- **DATA SHOWN**:
::::::

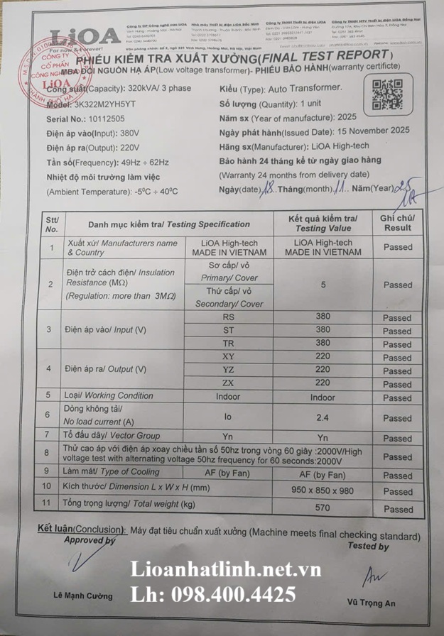 ( MẪU CHỨNG CHỈ XUẤT XƯỞNG KIÊM PHIẾU BẢO HÀNH BIẾN ÁP LIOA 300KVA 3 PHA)
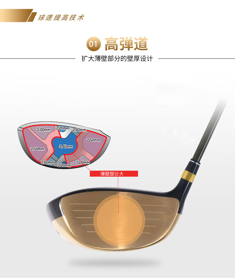 Gậy Wood: Mặt gậy được làm bằng Hợp Kim Titan cao cấp và được phủ lớp sơn tĩnh điện công nghệ cao, Cán gậy được làm bằng Graphite (Carbon), Tay cầm được làm bằng Cao Su. Ngoài ra toàn bộ gậy Wood đều được thiết kế hốc hút gió làm giảm sức cản của không khí lên mặt gậy.
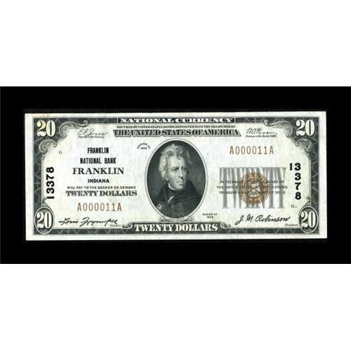 <B>Franklin, IN</B></I> - $20 1929 Ty. 1 <B>Franklin NB</B></I> Ch. # 13378<BR> An exciting new discovery for a bank that has only five notes in the census, this piece is far and away the best note now reported on this rare bank. While it faces up as uncirculated with deep embossing, a hint of a fold or two on the back forces us to call this pretty piece <B>About Uncirculated</B></I>.<BR><BR><b>Shipping:</b> Coins & Currency (<a target="_blank" href="http://www.heritageauctions.com/common/shipping.php">view shipping information</a>)
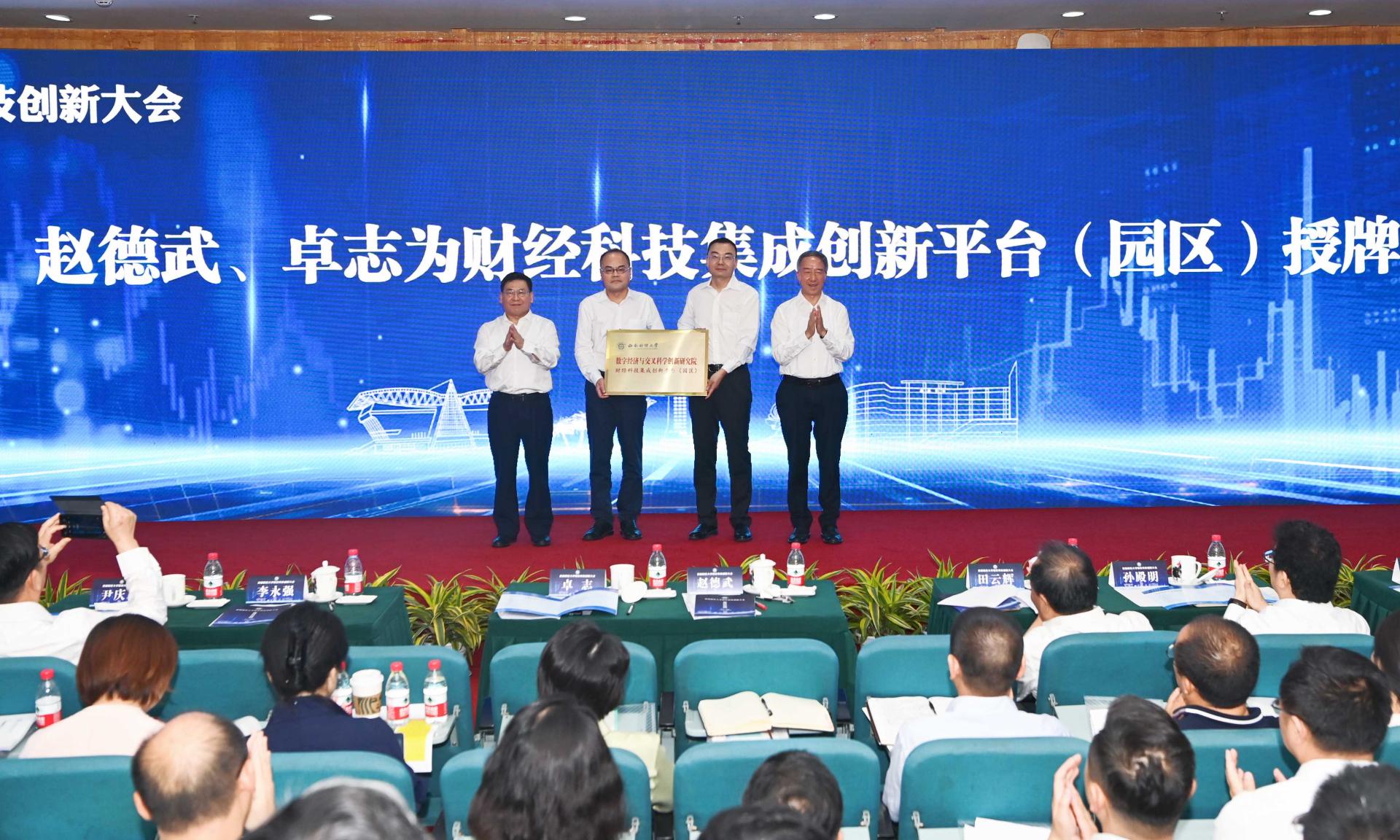 7月7日,西南財(cái)經(jīng)大學(xué)隆重召開財(cái)經(jīng)科技創(chuàng)新大會(huì),深入學(xué)習(xí)貫徹習(xí)近平總書記關(guān)于科技自立自強(qiáng)的重要論述,總結(jié)科技創(chuàng)新前期工作,舉行“數(shù)字經(jīng)濟(jì)與交叉科學(xué)創(chuàng)新研究院”財(cái)經(jīng)科技集成創(chuàng)新平臺(tái)(園區(qū))揭牌儀式,公布首批入駐團(tuán)隊(duì),部署下一步工作。學(xué)校黨委書記趙德武,黨委副書記、校長(zhǎng)卓志,黨委副書記、副校長(zhǎng)李永強(qiáng),黨委副書記、紀(jì)委書記孫殿明,黨委常委、副校長(zhǎng)尹慶雙、史代敏、張邦富、桂富強(qiáng),學(xué)校機(jī)關(guān)職能部門主要負(fù)責(zé)人,財(cái)經(jīng)科技創(chuàng)新相關(guān)學(xué)院領(lǐng)導(dǎo)班子成員、教授委員會(huì)主席和系所負(fù)責(zé)人,校學(xué)術(shù)委員會(huì)委員代表,入駐財(cái)經(jīng)科技集成創(chuàng)新平臺(tái)的創(chuàng)新團(tuán)隊(duì)負(fù)責(zé)人及成員,優(yōu)秀青年人才代表,學(xué)生代表,校友代表等近400人參加會(huì)議。李永強(qiáng)主持大會(huì)。
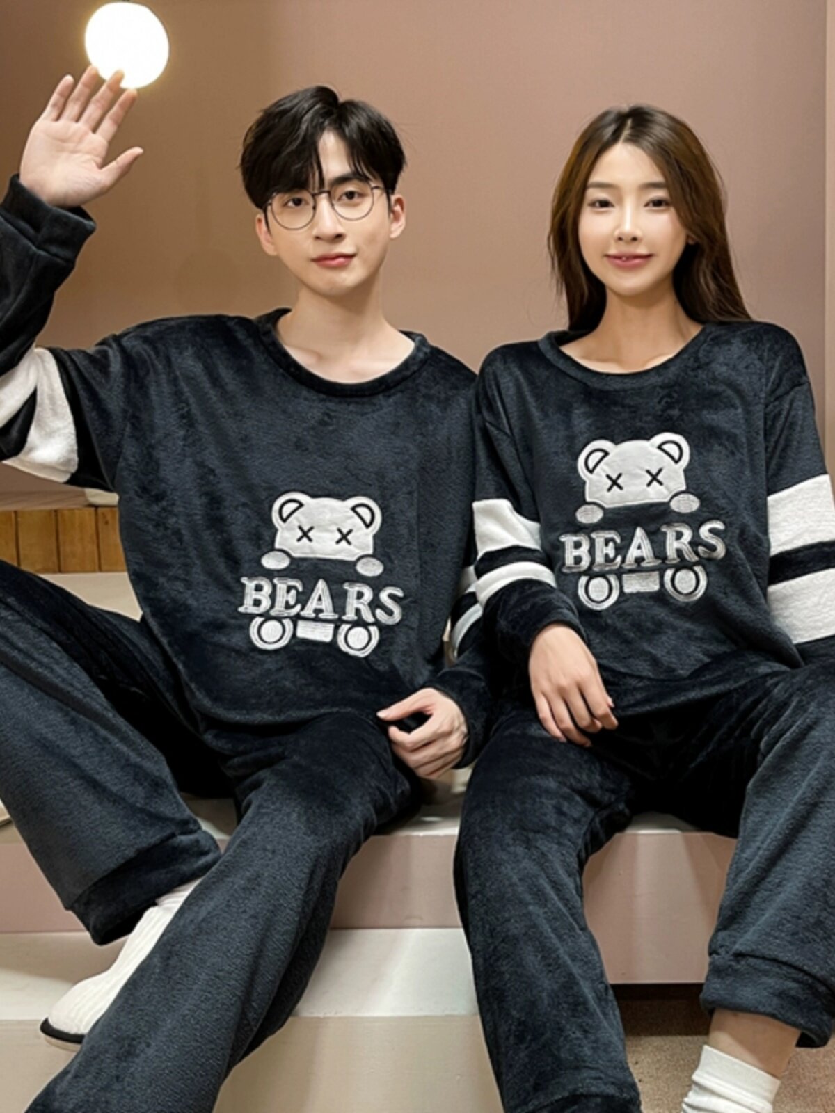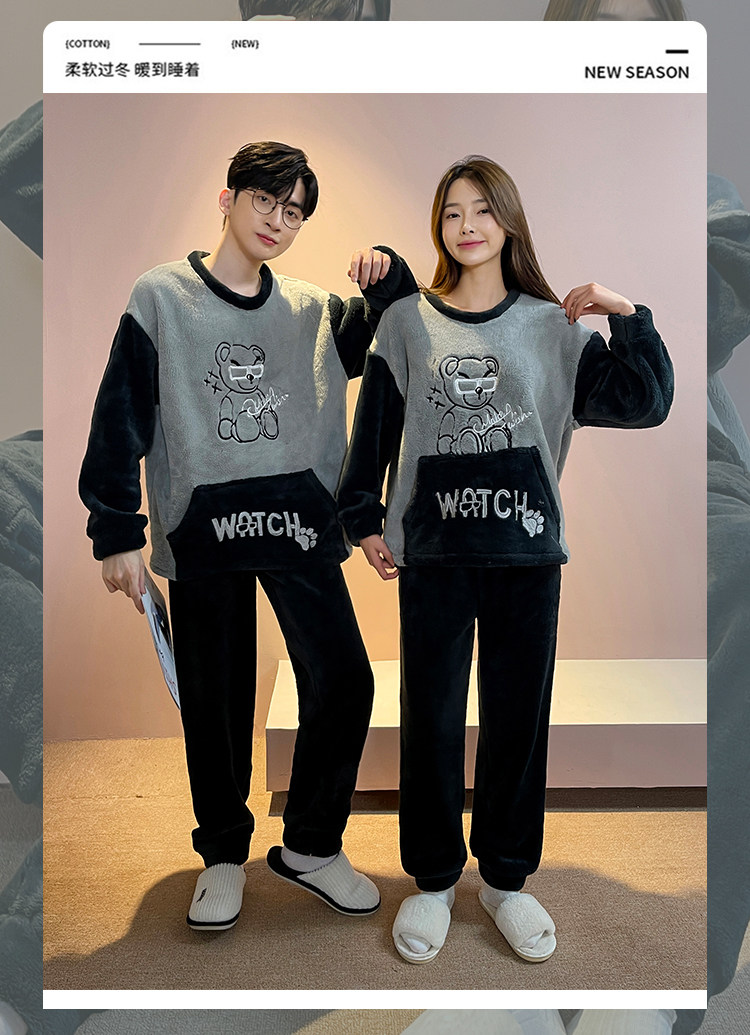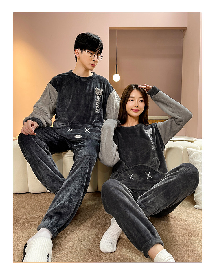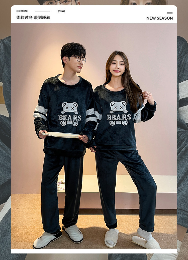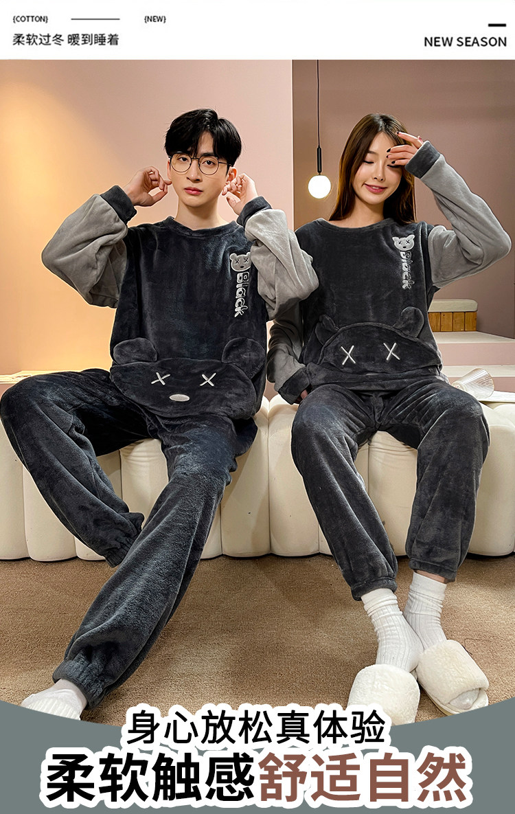 Мужская демисезонная фланелевая мультяшная пижама, коралловый бархатный комплект, для влюбленных

::::::

- **WHAT TO DO**:
Once the line containing "7月7日,西南財(cái)經" has been copied, stop; everything from the first line of the data up to it must be copied exactly, without pictures.

- **REPLY**:
 ( MẪU CHỨNG CHỈ XUẤT XƯỞNG KIÊM PHIẾU BẢO HÀNH BIẾN ÁP LIOA 300KVA 3 PHA)
 Gậy Wood: Mặt gậy được làm bằng Hợp Kim Titan cao cấp và được phủ lớp sơn tĩnh điện công nghệ cao, Cán gậy được làm bằng Graphite (Carbon), Tay cầm được làm bằng Cao Su. Ngoài ra toàn bộ gậy Wood đều được thiết kế hốc hút gió làm giảm sức cản của không khí lên mặt gậy.
 <B>Franklin, IN</B></I> - $20 1929 Ty. 1 <B>Franklin NB</B></I> Ch. # 13378<BR> An exciting new discovery for a bank that has only five notes in the census, this piece is far and away the best note now reported on this rare bank. While it faces up as uncirculated with deep embossing, a hint of a fold or two on the back forces us to call this pretty piece <B>About Uncirculated</B></I>.<BR><BR><b>Shipping:</b> Coins & Currency (<a target="_blank" href="http://www.heritageauctions.com/common/shipping.php">view shipping information</a>)
 7月7日,西南財(cái)經(jīng)大學(xué)隆重召開財(cái)經(jīng)科技創(chuàng)新大會(huì),深入學(xué)習(xí)貫徹習(xí)近平總書記關(guān)于科技自立自強(qiáng)的重要論述,總結(jié)科技創(chuàng)新前期工作,舉行“數(shù)字經(jīng)濟(jì)與交叉科學(xué)創(chuàng)新研究院”財(cái)經(jīng)科技集成創(chuàng)新平臺(tái)(園區(qū))揭牌儀式,公布首批入駐團(tuán)隊(duì),部署下一步工作。學(xué)校黨委書記趙德武,黨委副書記、校長(zhǎng)卓志,黨委副書記、副校長(zhǎng)李永強(qiáng),黨委副書記、紀(jì)委書記孫殿明,黨委常委、副校長(zhǎng)尹慶雙、史代敏、張邦富、桂富強(qiáng),學(xué)校機(jī)關(guān)職能部門主要負(fù)責(zé)人,財(cái)經(jīng)科技創(chuàng)新相關(guān)學(xué)院領(lǐng)導(dǎo)班子成員、教授委員會(huì)主席和系所負(fù)責(zé)人,校學(xué)術(shù)委員會(huì)委員代表,入駐財(cái)經(jīng)科技集成創(chuàng)新平臺(tái)的創(chuàng)新團(tuán)隊(duì)負(fù)責(zé)人及成員,優(yōu)秀青年人才代表,學(xué)生代表,校友代表等近400人參加會(huì)議。李永強(qiáng)主持大會(huì)。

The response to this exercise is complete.